Академик Аганбегян назвал главную проблему российской экономики
Академик РАН, экс-ректор, а ныне заведующий кафедрой Академии народного хозяйства при Правительстве РФ Абел Аганбегян на днях отметил свой 85-летний юбилей. Он был экономическим советником Михаила Горбачева, его имя широко известно в научных кругах, его лекции слушали студенты ведущих мировых университетов мира, к нему обращался Нобелевский комитет с просьбой рекомендовать кандидатов на премию. К его мнению прислушивались руководители государств, и мало кто знает, что именно при его участии в начале 1990-х к управлению государством пришла команда Егора Гайдара, чьи рыночные реформы изменили экономику России до неузнаваемости. В интервью «МК» Абел Гезевич рассказал о мифах вокруг своей личности, о рыночном пути России и о том, сколько денег нужно стране для экономического роста.
— Довольны ли вы тем, в каком состоянии российская экономика встречает ваш юбилей? Кризис вроде бы миновал, судя по уверениям властей. Или это не так?

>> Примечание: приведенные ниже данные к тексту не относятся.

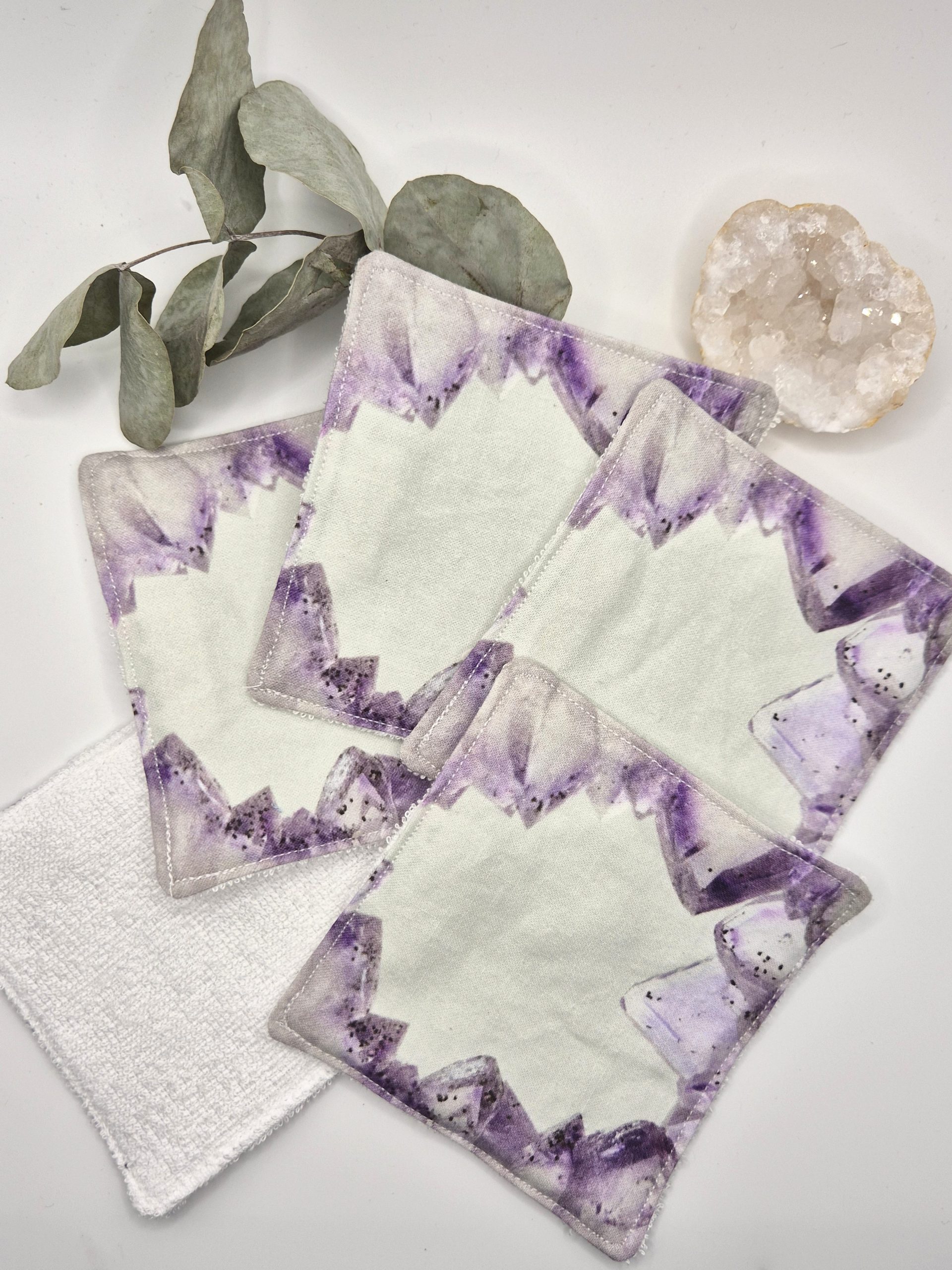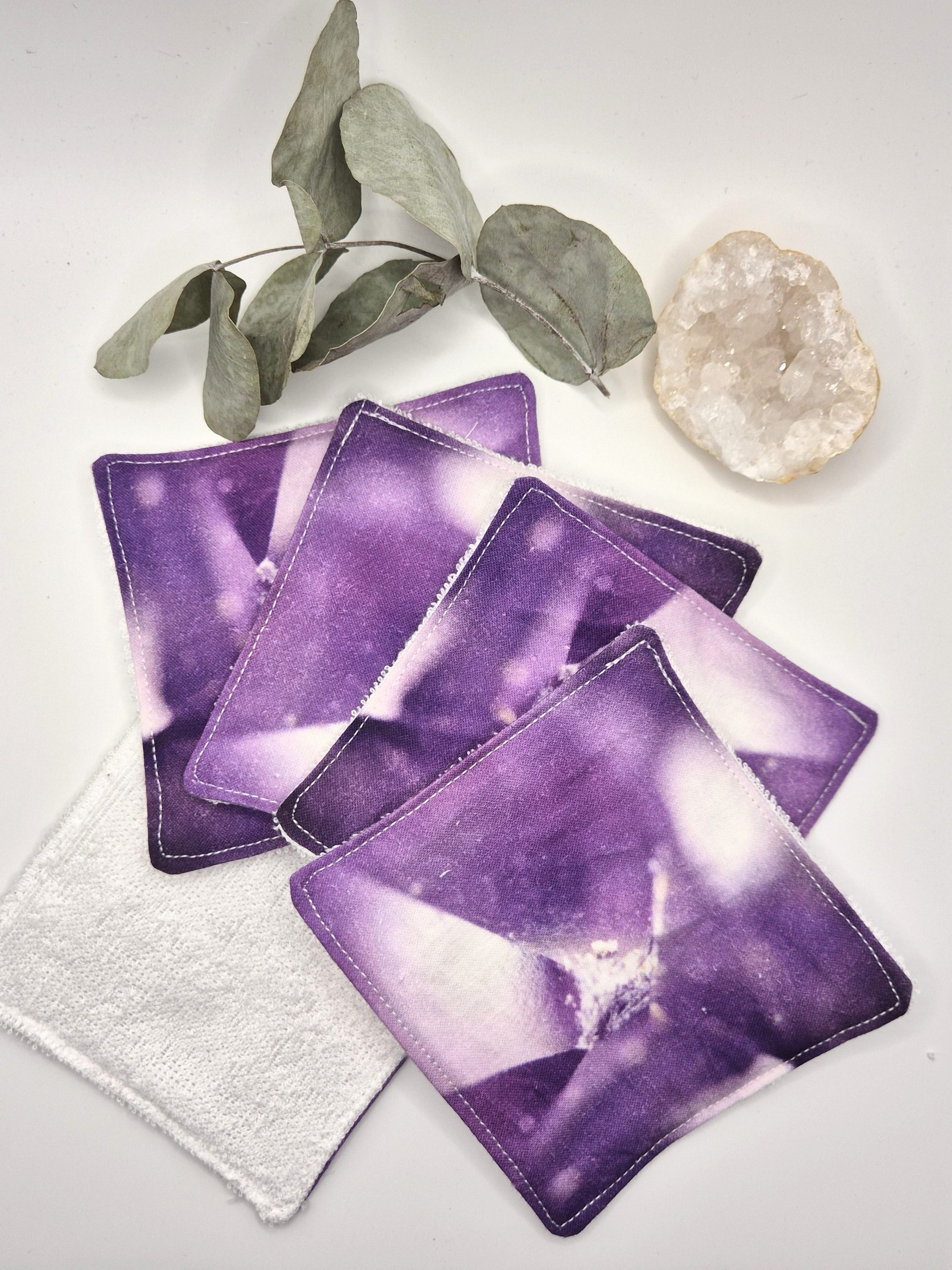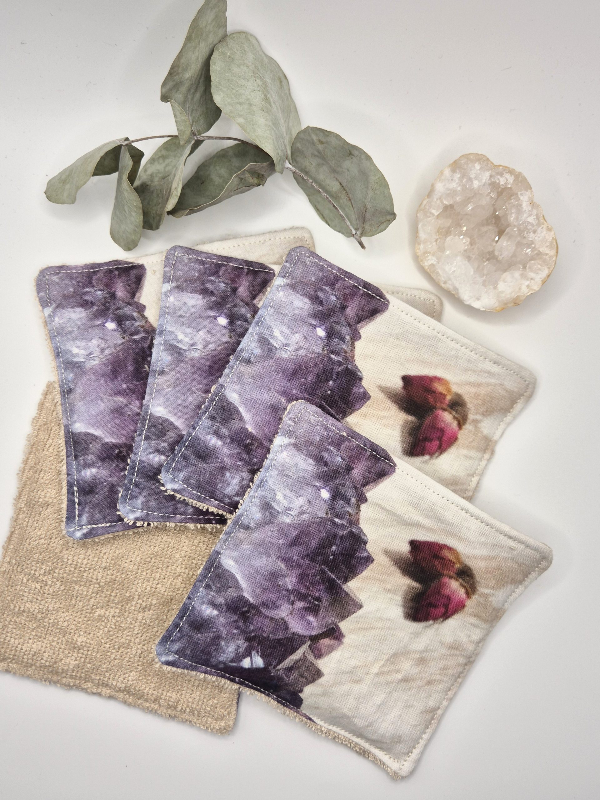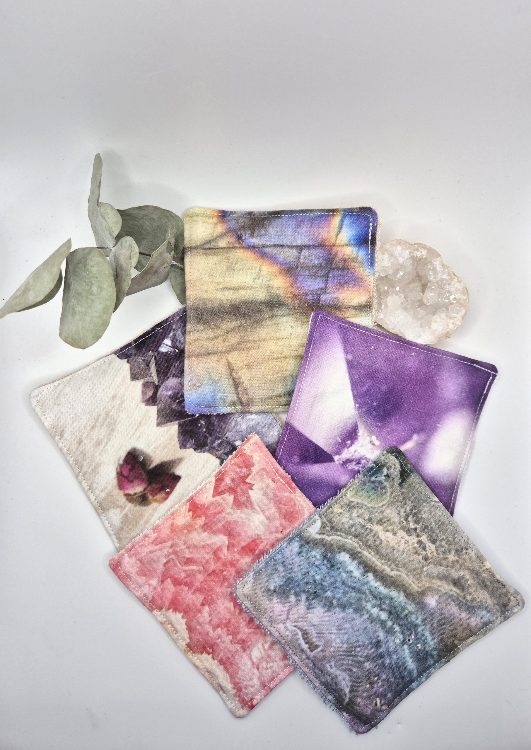 ✨ Offrez à votre peau douceur, beauté et éthique avec nos lingettes lavables minérales, créées à partir de mes propres photos de minéraux authentiques (améthyste, fluorite, rhodochrosite, labradorite, quartz, malachite, émeraude, etc.).

— Давайте немного вернемся назад. Кризис 2008–2009 годов в России был самым глубоким из стран «Большой двадцатки». У нас больше всего снизился объем ВВП, в 4 раза «схлопнулся» фондовый рынок, сократились доходы бюджета, промышленность, рекордно выросла безработица, значительно снизились инвестиции. Затем произошло восстановление, и в 2010–2012 годах мы превзошли почти все докризисные показатели. Однако уже с 2013 года началась стагнация, которая продолжалась до 2014-го, и лишь потом, после введения санкций и падения цен на нефть, в 2015–2016 годах наступила рецессия, то есть кризис, упадок. С IV квартала 2016 года она начала преодолеваться, и сейчас мы можем констатировать, что период рецессии пройден, и от нее мы снова перешли к стагнации — застою, депрессии, колебанию вокруг нуля, в котором будем находиться в 2017-м и, по-видимому, 2018 году. Хуже всего, что в период рецессии резко упали показатели уровня жизни. Такого еще не было в нашей стране: реальные доходы снизились на 13%, товарооборот и конечное потребление домашних хозяйств — на 14%, это в 3 раза больше, чем сократились объемы производства в стране.
— Кому мы обязаны этим кризисом и последующей стагнацией — геополитической ситуации, обвалу нефтяных цен?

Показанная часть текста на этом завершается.